**INPUT DATA:**
- Opening Delimiter -

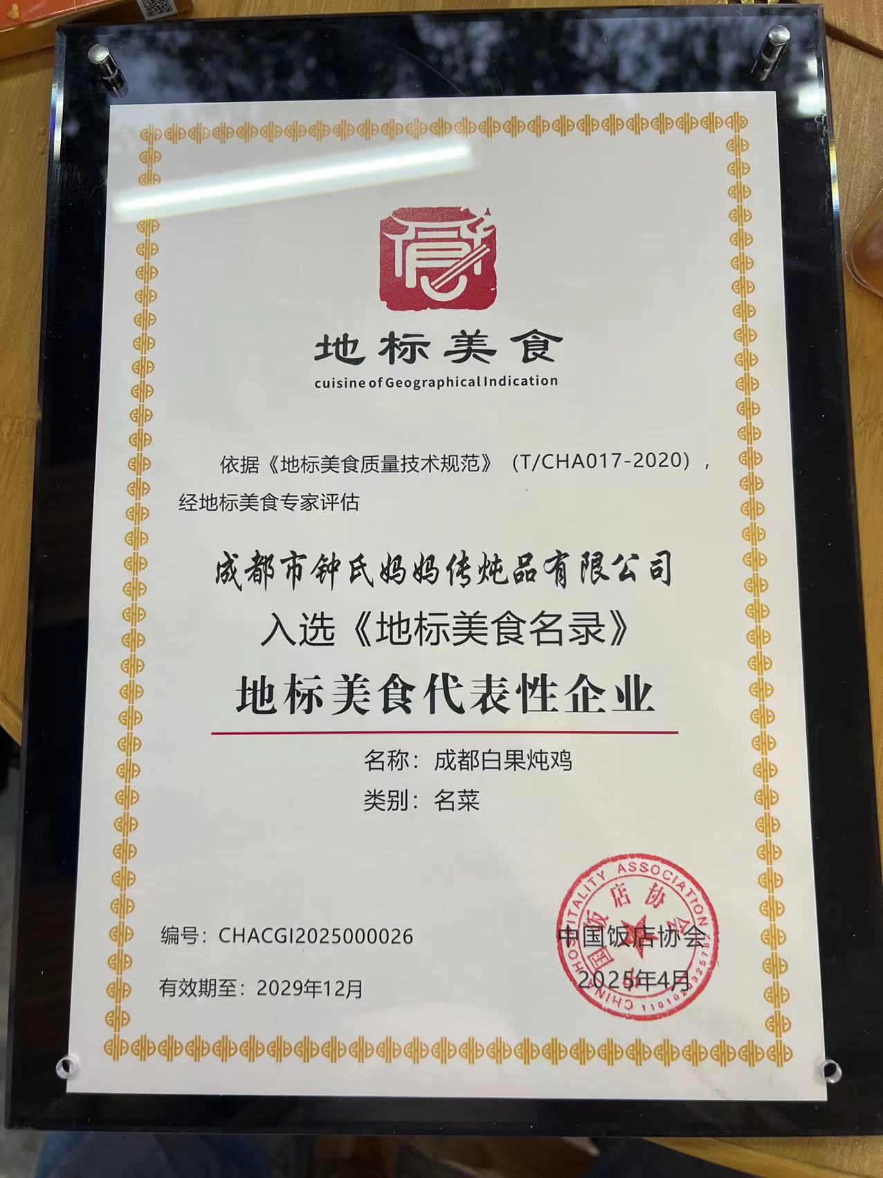 热烈祝贺成都市钟氏妈妈传炖品有限公司入选地标美食代表性企业
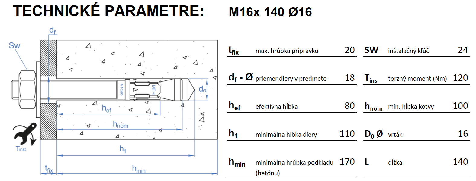 Pomocou momentového kľúča dotiahnite maticu určeným kontrolovaným uťahovacím momentom (torque). Počas uťahovania sa rozpínacie segmenty roztiahnu a kotva sa pevne zafixuje v betóne.
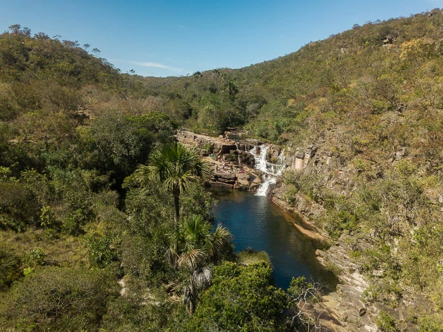 A Catarata dos Couros é um espetáculo grandioso da Chapada dos Veadeiros, com uma sequência impressionante de quedas d’água que se desdobram em poços cristalinos e corredeiras.
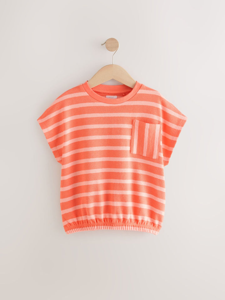 Our orange stripe t-shirt is made from pure cotton and cut in a relaxed boxy fit. In a timeless stripe print with a textured finish, it's complete with a chest pocket. 100% cotton Stripe design Boxy fit Chest pocket Machine washable. 100% Cotton. Country of Origin: India

- Closing Delimiter -

**TASK GOAL:** Exactly and only the lines from the one holding "A Catarata dos" through the final line of the material must be returned, both ends included, without any pictures.

**EXERCISE ANSWER:**
 A Catarata dos Couros é um espetáculo grandioso da Chapada dos Veadeiros, com uma sequência impressionante de quedas d’água que se desdobram em poços cristalinos e corredeiras.
 Our orange stripe t-shirt is made from pure cotton and cut in a relaxed boxy fit. In a timeless stripe print with a textured finish, it's complete with a chest pocket. 100% cotton Stripe design Boxy fit Chest pocket Machine washable. 100% Cotton. Country of Origin: India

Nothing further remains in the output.